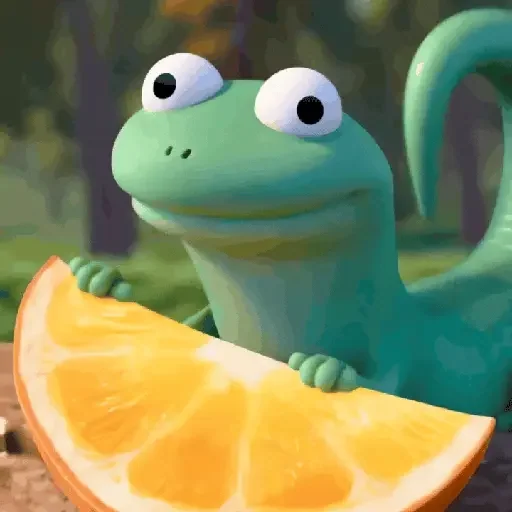 Um lagarto verde sorridente com olhos grandes e brilhantes segura uma fatia de laranja em um ambiente externo com árvores ao fundo.
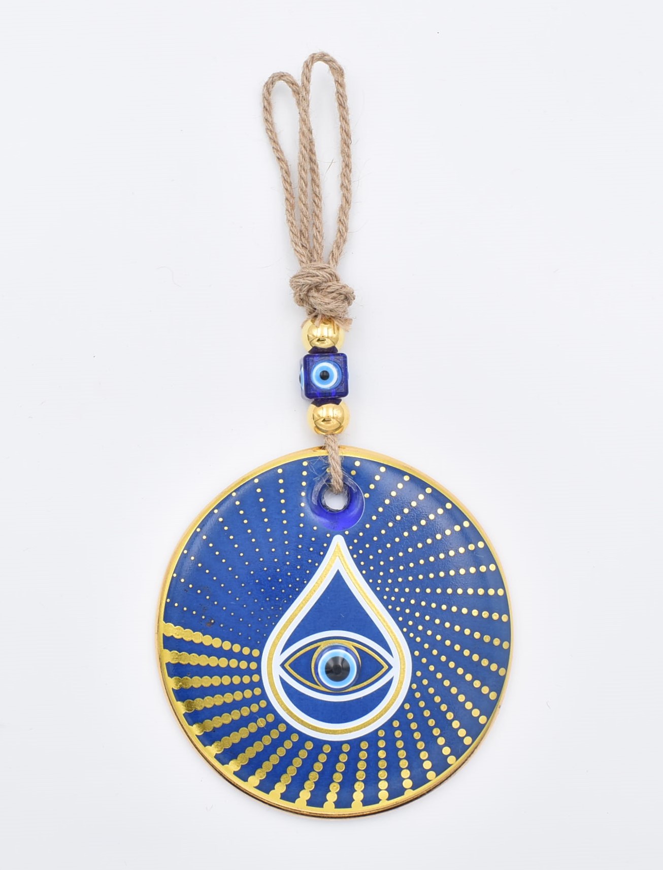 Κρεμαστό Γυάλινο Μάτι με Χρυσή Ρίγα 13CM
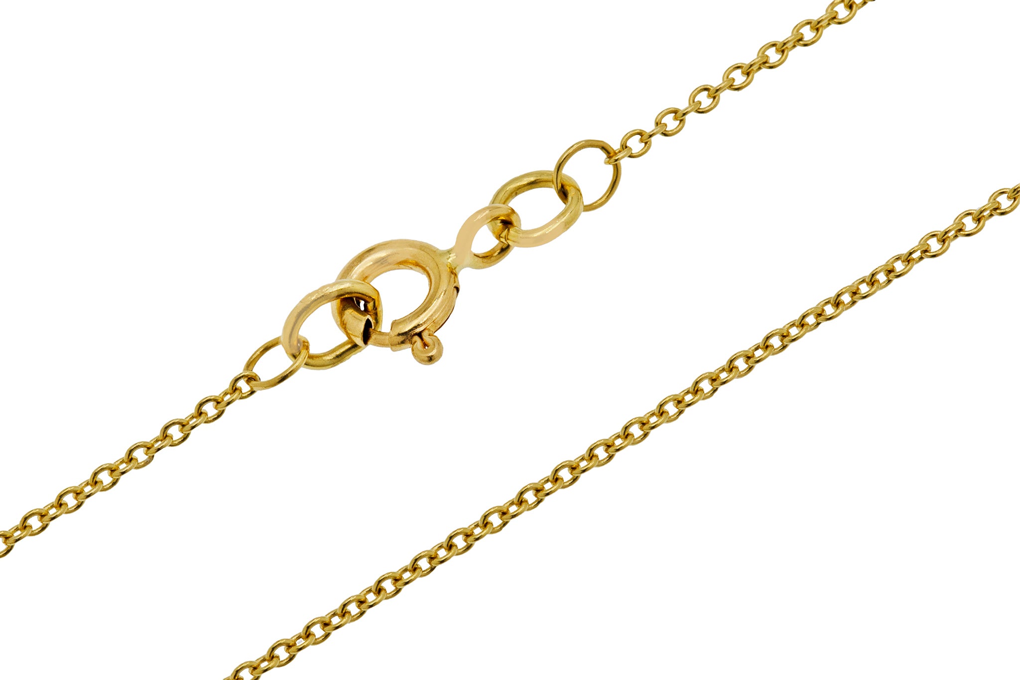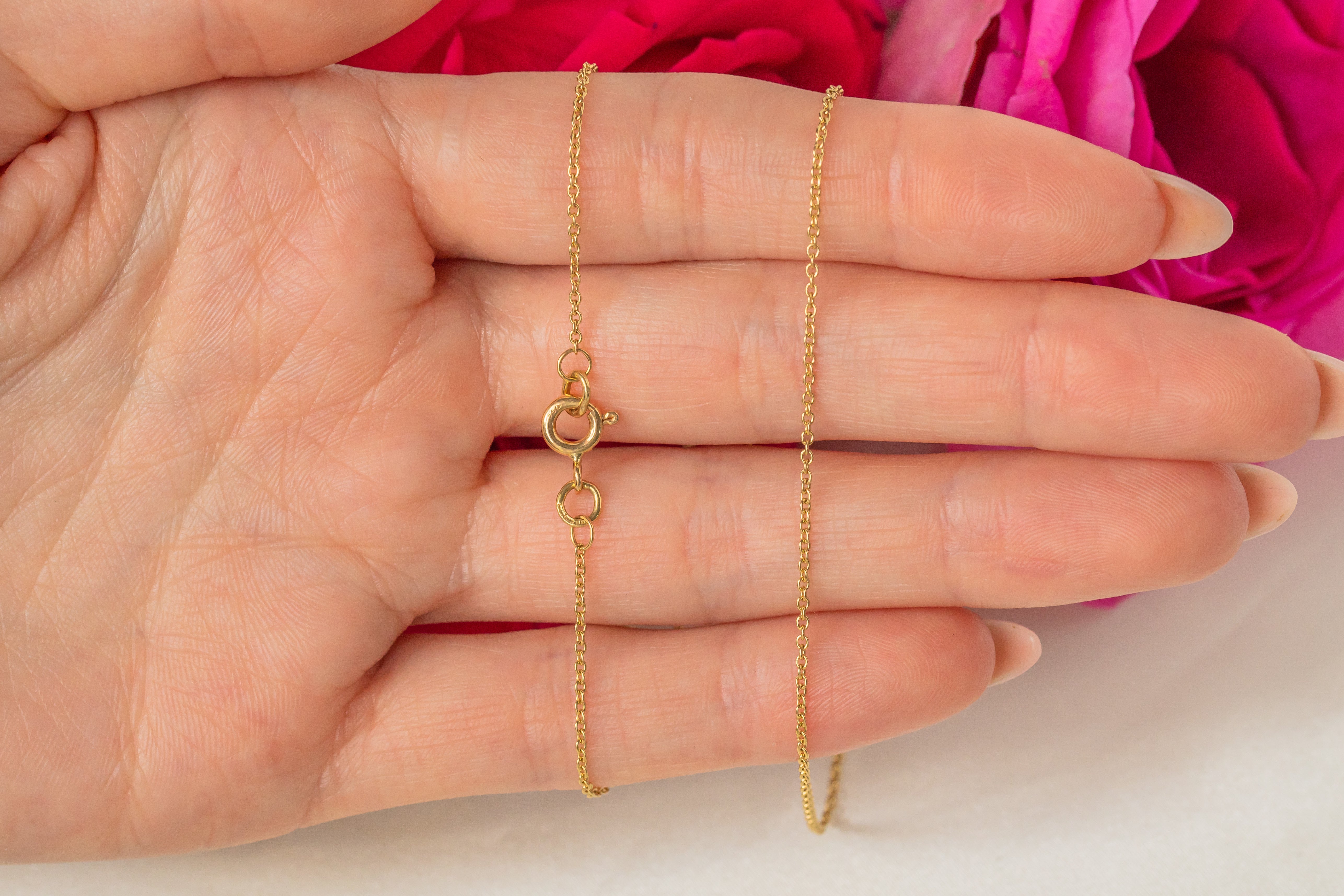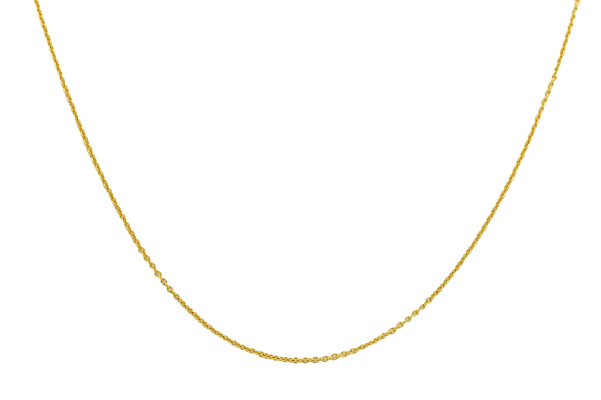 EXCELLENT. This 18ct Gold skinny pendant chain is in excellent condition. This piece has so much wear potential and hasn't aged a day since her mid-century start in life. The links are firmly attached and the bolt ring is in perfect working order, allowing you to wear it with confidence.
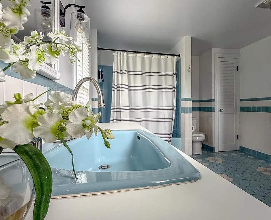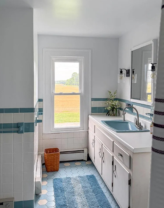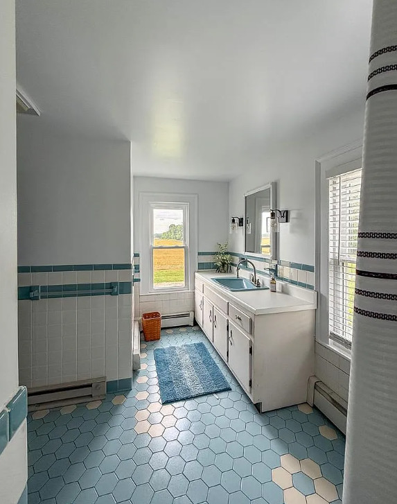 Love the blue bathroom! C. 1900. One acre in Virginia. $359,000

» Task item: What you return should match the material line for line, with the images removed.

» Written solution:
 Um lagarto verde sorridente com olhos grandes e brilhantes segura uma fatia de laranja em um ambiente externo com árvores ao fundo.
 Κρεμαστό Γυάλινο Μάτι με Χρυσή Ρίγα 13CM
 EXCELLENT. This 18ct Gold skinny pendant chain is in excellent condition. This piece has so much wear potential and hasn't aged a day since her mid-century start in life. The links are firmly attached and the bolt ring is in perfect working order, allowing you to wear it with confidence.
 Love the blue bathroom! C. 1900. One acre in Virginia. $359,000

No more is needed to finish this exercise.